Chapitre 5
Dans mes souvenirs il y avait une ville plus loin mais il fallait d'abord traverser une forêt. Le pull que je portait était assez chaud et je n'avais pas froid. J'étais arrivée à l'entrée de la forêt et un sentier se présentait devant moi. Celui-ci traversait les bois mais il était assez dangereux de base mais avec de la neige en plus, il fallait être très prudente.
Je continuais à marcher, entendant parfois des craquements de bois par-ci, par-là mais je n'y prétait pas attention. Au bout d'une bonne heure de marche, j'arrivai devant un pont où ce qui, je suppose, devais être une barricade le surplombait. Alors que je voulue passer, j'entendis une voix derrière moi:
-Humain, ne sais-tu pas comment saluer un nouvel ami? Retourne-toi et serre moi la main...
Je me retourna et vis un squelette, debout avec un pull bleu qui me fixait de ses orbites vides. «Tu as vécu des choses traumatisantes, ce doit être un mirage» je me dit ça dans ma tête et décidai donc de serrer cette fausse main afin de me faire reprendre mes esprits.

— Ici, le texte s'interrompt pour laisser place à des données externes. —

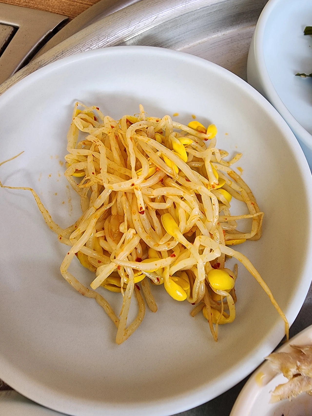 청국장과 고등어구이라는 주메뉴의 확인이 끝났으니 다른 밥반찬들도 확인에 들어간다. 붉고 투명하게 버무려진 콩나물무침은 시원한 콩나물의 맛과 아삭함에 들깻가루의 고소한 여운이 입안에 남고, 배추김치에서도 상쾌하고 시원한 감칠맛이 식사 시간의 즐거움을 더한다.

Quand je toucha sa main et qu'un son de pet en retentit, je compris que c'était vrai. Tandis que lui riait, je me sentie tombée de nouveaux dans les pommes, sauf que c'était le vide derrière moi.
Quand je revins à moi, j'étais derrière une sorte de stand et j'entendais des voix:
-Sans! Qu'est-ce que tu faisais encore?
-Hey Pap, je me promenais pourquoi?
-Ne joues pas les ignorants avec moi, tu glandais encore, hein? J'en ai assez de ta fainéantise...
-Pap... Écoute..
-NON! Tu sais bien que je veux intégrer la garde Royale et toi, j'ai l'impression que tu fais tout pour me mettre des bâtons dans les roues! Ne me dis pas que tu fais parti de cette «résistance» contre notre grand Roi?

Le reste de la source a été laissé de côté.